Don't you hate morons that abuse RSS!
More and more incompetent morons from IT put their websites' RSS feeds behind Cloudflare Turnstile, which giddily greets robots with captcha
Not a single time was I able to communicate to these imbeciles the sheer degree of idiocy involved. Personally, I blame Cloudflare that gives these fucking monkeys a live grenade to play with.
What’s a nerd to do? Huginn to the rescue!
First, we need to get the RSS feed. As I mentioned, it’s behind CF. So, FlareSolverR to the rescue? Nope - it stopped working with CF-Turnstile quite some time ago, maintainers clearly don’t give a shit, so there. But we’re on the internet, so some unsung hero found a way to fix it so we’re in business!
So, getting the XML? (these are Huginn Agent calls)
Post Agent: 090-get-rss:
{
"post_url": "http://my-flaresolverr.lan/v1",
"expected_receive_period_in_days": "1",
"content_type": "json",
"method": "post",
"payload": {
"cmd": "request.get",
"url": "https://some-idiot-admin-hides-behind-cf.com/feed/atom/"
},
"headers": {},
"emit_events": "true",
"parse_body": "true",
"no_merge": "true",
"output_mode": "clean"
}
Success! body.solution.response
has our XML? Or is it HTML? Crap, we need to use Chrome’s user agent to screw with CF, but the framework that the idiot admin uses thinks that if our browser is Chrome, we want an HTML-wrapped XML!
Let’s cut it:
Website Agent: 091-cut-xml-from-html
{
"expected_update_period_in_days": "1",
"data_from_event": "{{body.solution.response}}",
"type": "html",
"mode": "on_change",
"extract": {
"xml": {
"xpath": "/html/body/pre/text()",
"value": "."
}
}
}
The framework even escapes the XML so it’s unreadable by robots, need to un-escape:
Website Agent: 092-parse-xml
{
"expected_update_period_in_days": "1",
"data_from_event": "{{xml | unescape}}",
"type": "xml",
"mode": "on_change",
"extract": {
"url": {
"xpath": "/feed/entry/id/text()",
"value": "."
}
}
}
We did it! Now we have a set of events each containing a URL, let’s scrape the website that hides everything, so users would click-click-click and (not) see the ads.

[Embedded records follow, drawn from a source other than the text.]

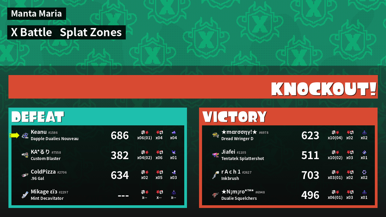 | Mode | Splat Zones - X Battle | ||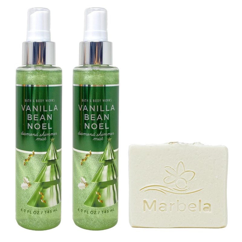 - Bath & Body Works Vanilla Bean Noel Diamond Shimmer Mist Bundle with a 4 oz Marbela Natural Oats Bar Soap. (Soap May Vary).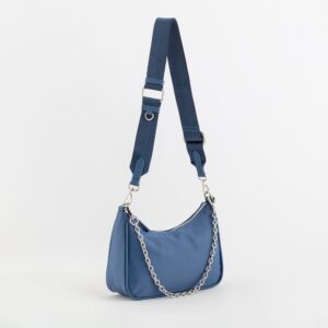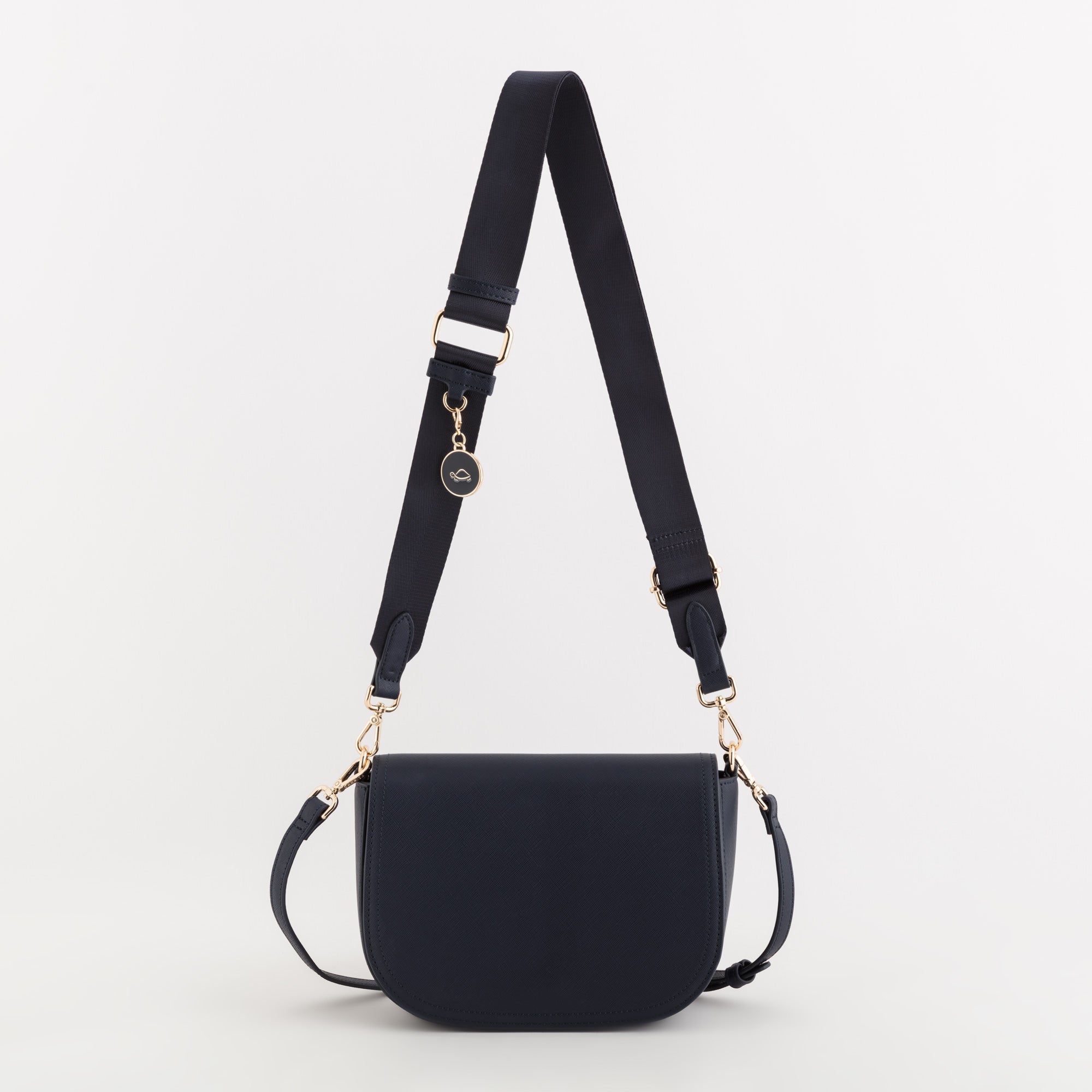 Bandoulière en ruban réglable et amovible avec médaille/breloque émaillée et logo. Bandoulière en similicuir réglable et amovible. Fermeture par zip et rabat avec clip. Deux poches intérieures, dont une zippée. Poche extérieure avec clip. Matière GREEN ORIENTED.

Post Agent: 093-scrape-pages:
{
"post_url": "http://my-flaresolverr.lan/v1",
"expected_receive_period_in_days": "1",
"content_type": "json",
"method": "post",
"payload": {
"cmd": "request.get",
"url": "{{url}}"
},
"headers": {},
"emit_events": "true",
"parse_body": "true",
"no_merge": "true",
"output_mode": "clean"
}
Now it’s time to use xpath
to extract all that we need:
Website Agent: 094-parse-scraped-pages:
{
"expected_update_period_in_days": "1",
"data_from_event": "{{body.solution.response}}",
"type": "html",
"mode": "on_change",
"extract": {
"url": {
"xpath": "/html/body/div[1]/div[3]/div[1]/div[2]/h2/a/@href",
"value": "."
},
"title": {
"xpath": "/html/head/title/text()",
"value": "."
},
"content": {
"xpath": "//*[@class=\"storycontent\"]",
"value": "."
}
}
}
And, finally, output our own RSS.
Data Output Agent: 095-output-rss:
{
"secrets": [
"shitty-site-scraper"
],
"expected_receive_period_in_days": "1",
"template": {
"title": "shitsite rss with all data",
"description": "blablabla",
"item": {
"title": "{{title}}",
"description": "{{content}}",
"link": "{{url}}",
"gid": "{{url}}"
}
},
"ns_media": "false"
}
Hopefully, someone will feel good about not having to go through this all over.